Look out for old Cisco, HPE, Dell or Juniper switches - 10/100Mb ones work
fine for learning with. Ideally managed ones with a command line but webby
interface ("smart switches") will get you started. If buying new then a
Netgear GS108T is a good low price smart switch. There is a lot of
documentation for all of these available on the web.

Raspberry Pis are pretty cheap and are full Linux boxes with the full
firewall/router etc available. The current models have both wifi and wired
connections, so you can play with routing. They are powerful enough to run a
GUI and a browser which is pretty nifty for £30. If you are not familiar with
Linux then these are a good place to start - loads of resources available. Old
laptops tend to have both wifi and wired as well and come with a UPS and
screen built in, not to mention gobs of RAM and a hard disc! A lightweight
Linux distro can make a decent router or a test server or whatever.

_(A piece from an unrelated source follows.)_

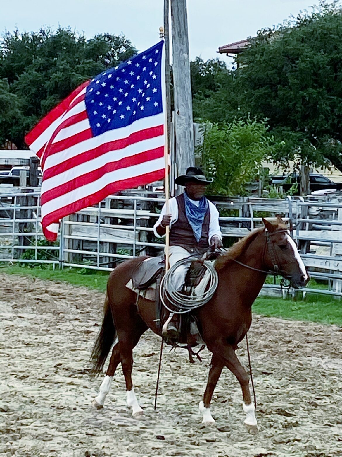 Fort Worth Herd Drover Donald Lee prepares to carry the U.S. flag on The Herd’s cattle drive Friday in the historic Fort Worth Stockyards in honor of the 19th anniversary of Sept. 11, 2001, when terrorists hijacked passenger planes and crashed them into the Twin Towers in New York City. Fort Worth is the only city in the world that has twice-daily cattle drives. The cattle drives, which are at 11:30 a.m. and 4 p.m., every day (362 days of the year), are a big hit with visitors to Fort Worth from all over the world. Donald Lee represents the black drovers who rode on cattle drives during the 20-year span that began around 1866. Please like the Fort Worth Herd’s page on Facebook.

Consider virtualisation. A decently powerful PC can run a whole lot of mini
virtual routers, switches, servers and clients. However, you will need to get
to grips with quite a few concepts here as well as networking. Perhaps save it
for phase 2.

On the internet routers front, investigate the likes of pfSense and open
router firmware like Tomato, DD-WRT etc (for my money, pfSense is the man
every time).

Get yourself signed up for several sub reddits eg r/networking r/sysadmin
r/HomeNetworking r/pfsense. Read them and lurk. The Gentoo and Arch Linux
forums are worth watching as are the pfsense ones.

On the security front, why not grab a copy of Kali Linux - I use it in the day
job quite a lot. It can look a bit bewildering at first but there is a lot in
there all in one place, already installed. Don't be put off by the silly names
for some of the software. For a quick dive in and instant results, on an OS
you may be more familiar with, get hold of nmap/zenmap and Wireshark and learn
how to use them. Lots of docs for them on the web. Make sure that you search
for them carefully and only download from the correct site. As you can imagine
there are quite a few _ahem_ unauthorised versions around. Both nmap and
wireshark have .org domains and are open source and hence free.

Hopefully someone will get you on track with a good book or two and hopefully
you'll do the decent thing and fill your home with networking hardware.

One last note: networking doesn't happen alone or in isolation - a fact
sometimes lost in many orgs with teams for separate functions - "nets",
"servers", "apps" and all that stuff. You can't know everything but don't stop
at artificial boundaries.

------
ConSeannery
The CCNA & CCNP curriculum will give you a solid base in networking as it
relates to actual network engineering. Skip over the cisco specific stuff if
you feel it's not relevant.